• [Task objective]: Would you please reproduce all the entries word for word, minus the pictures?

• [Given records]:
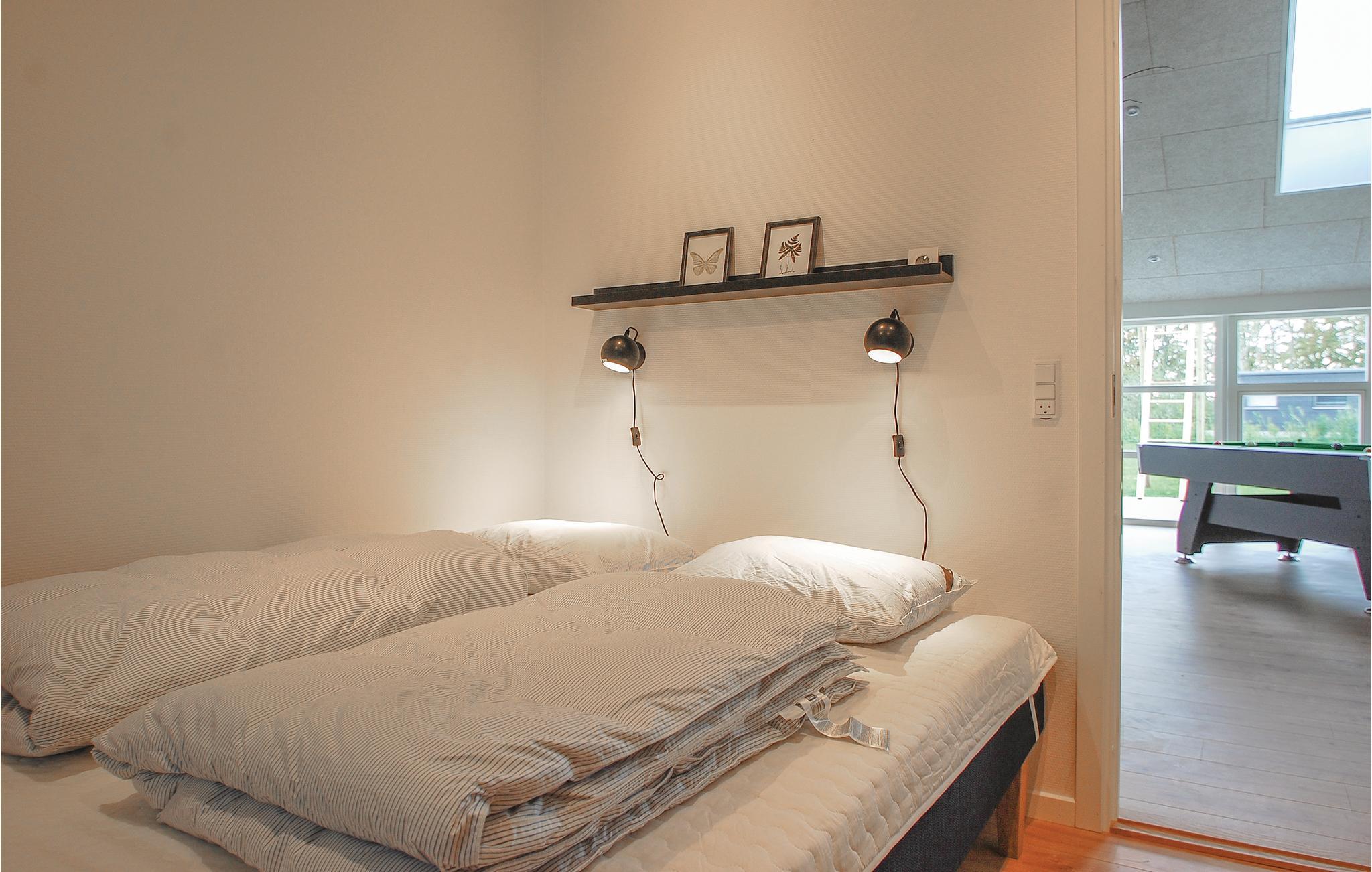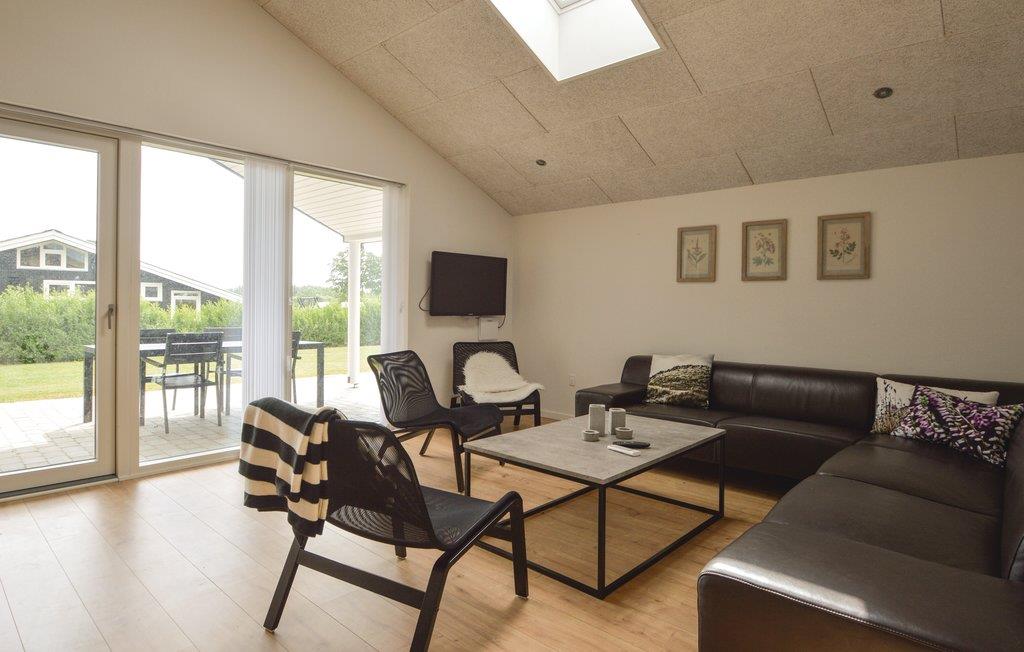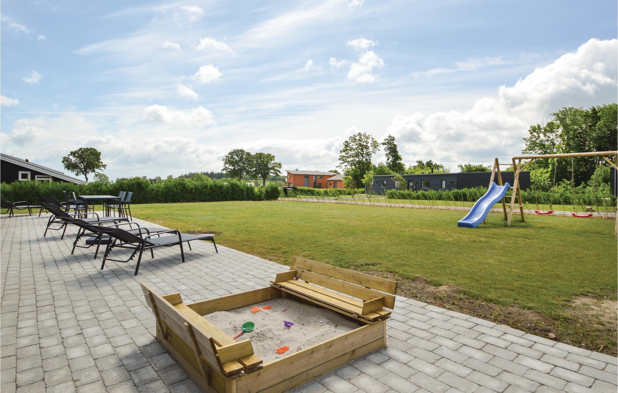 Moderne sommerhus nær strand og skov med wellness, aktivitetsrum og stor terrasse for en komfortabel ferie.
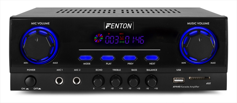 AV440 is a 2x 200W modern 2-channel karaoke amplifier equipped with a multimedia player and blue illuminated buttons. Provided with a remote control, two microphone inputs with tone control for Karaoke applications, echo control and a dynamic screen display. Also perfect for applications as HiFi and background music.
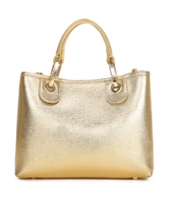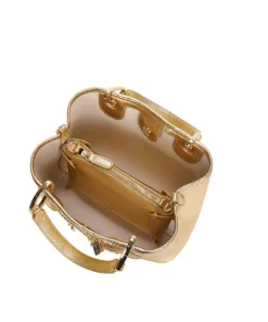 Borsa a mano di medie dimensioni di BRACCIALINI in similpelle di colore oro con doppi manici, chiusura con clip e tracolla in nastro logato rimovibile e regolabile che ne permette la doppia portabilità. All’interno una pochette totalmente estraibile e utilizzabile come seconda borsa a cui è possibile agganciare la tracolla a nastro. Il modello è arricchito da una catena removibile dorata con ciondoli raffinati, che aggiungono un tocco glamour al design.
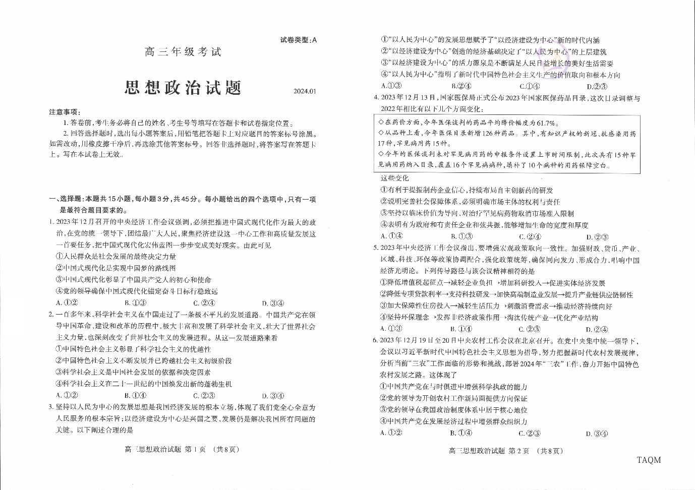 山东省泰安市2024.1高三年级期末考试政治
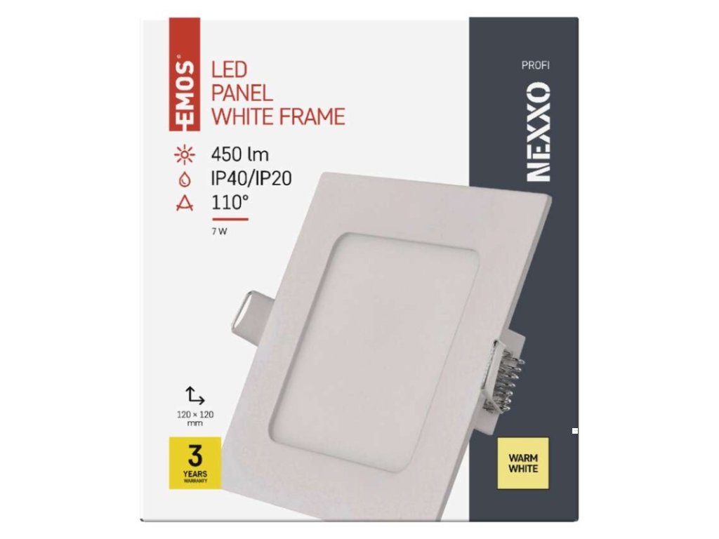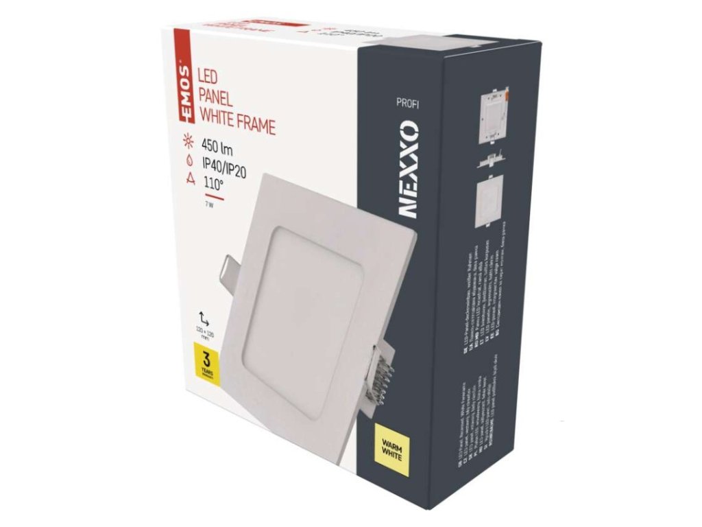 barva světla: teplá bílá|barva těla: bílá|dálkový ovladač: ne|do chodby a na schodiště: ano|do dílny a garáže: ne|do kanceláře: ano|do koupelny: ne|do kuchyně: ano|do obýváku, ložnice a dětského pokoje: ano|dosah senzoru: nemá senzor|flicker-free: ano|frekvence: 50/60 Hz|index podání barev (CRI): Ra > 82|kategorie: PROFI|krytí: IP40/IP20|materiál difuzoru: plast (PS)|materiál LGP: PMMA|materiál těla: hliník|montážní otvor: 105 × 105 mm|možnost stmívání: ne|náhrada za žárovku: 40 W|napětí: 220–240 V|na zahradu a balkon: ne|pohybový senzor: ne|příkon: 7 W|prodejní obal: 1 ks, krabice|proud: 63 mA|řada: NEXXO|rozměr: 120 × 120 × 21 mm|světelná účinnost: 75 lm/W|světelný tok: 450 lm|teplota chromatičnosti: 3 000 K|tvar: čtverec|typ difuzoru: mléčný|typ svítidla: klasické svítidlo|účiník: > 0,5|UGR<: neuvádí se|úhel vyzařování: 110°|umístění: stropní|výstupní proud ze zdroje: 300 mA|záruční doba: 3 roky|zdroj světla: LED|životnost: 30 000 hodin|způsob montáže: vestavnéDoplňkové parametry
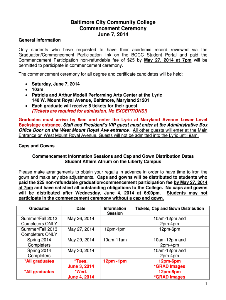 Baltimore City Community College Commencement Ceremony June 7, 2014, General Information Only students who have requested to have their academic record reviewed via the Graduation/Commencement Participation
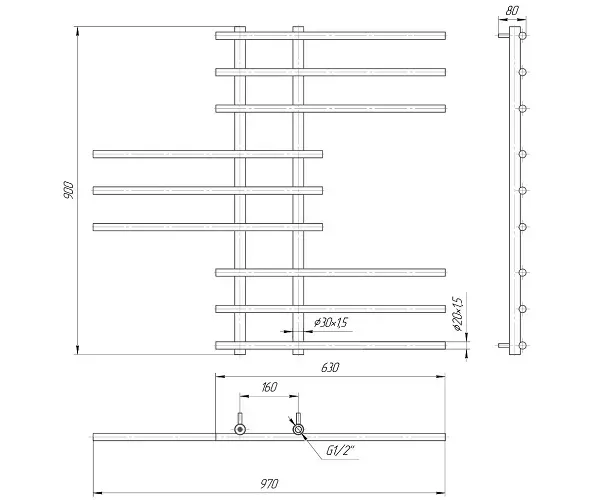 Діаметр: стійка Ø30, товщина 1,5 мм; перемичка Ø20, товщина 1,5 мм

• [Solution to this task]:
 Moderne sommerhus nær strand og skov med wellness, aktivitetsrum og stor terrasse for en komfortabel ferie.
 AV440 is a 2x 200W modern 2-channel karaoke amplifier equipped with a multimedia player and blue illuminated buttons. Provided with a remote control, two microphone inputs with tone control for Karaoke applications, echo control and a dynamic screen display. Also perfect for applications as HiFi and background music.
 Borsa a mano di medie dimensioni di BRACCIALINI in similpelle di colore oro con doppi manici, chiusura con clip e tracolla in nastro logato rimovibile e regolabile che ne permette la doppia portabilità. All’interno una pochette totalmente estraibile e utilizzabile come seconda borsa a cui è possibile agganciare la tracolla a nastro. Il modello è arricchito da una catena removibile dorata con ciondoli raffinati, che aggiungono un tocco glamour al design.
 山东省泰安市2024.1高三年级期末考试政治
 barva světla: teplá bílá|barva těla: bílá|dálkový ovladač: ne|do chodby a na schodiště: ano|do dílny a garáže: ne|do kanceláře: ano|do koupelny: ne|do kuchyně: ano|do obýváku, ložnice a dětského pokoje: ano|dosah senzoru: nemá senzor|flicker-free: ano|frekvence: 50/60 Hz|index podání barev (CRI): Ra > 82|kategorie: PROFI|krytí: IP40/IP20|materiál difuzoru: plast (PS)|materiál LGP: PMMA|materiál těla: hliník|montážní otvor: 105 × 105 mm|možnost stmívání: ne|náhrada za žárovku: 40 W|napětí: 220–240 V|na zahradu a balkon: ne|pohybový senzor: ne|příkon: 7 W|prodejní obal: 1 ks, krabice|proud: 63 mA|řada: NEXXO|rozměr: 120 × 120 × 21 mm|světelná účinnost: 75 lm/W|světelný tok: 450 lm|teplota chromatičnosti: 3 000 K|tvar: čtverec|typ difuzoru: mléčný|typ svítidla: klasické svítidlo|účiník: > 0,5|UGR<: neuvádí se|úhel vyzařování: 110°|umístění: stropní|výstupní proud ze zdroje: 300 mA|záruční doba: 3 roky|zdroj světla: LED|životnost: 30 000 hodin|způsob montáže: vestavnéDoplňkové parametry
 Baltimore City Community College Commencement Ceremony June 7, 2014, General Information Only students who have requested to have their academic record reviewed via the Graduation/Commencement Participation
 Діаметр: стійка Ø30, товщина 1,5 мм; перемичка Ø20, товщина 1,5 мм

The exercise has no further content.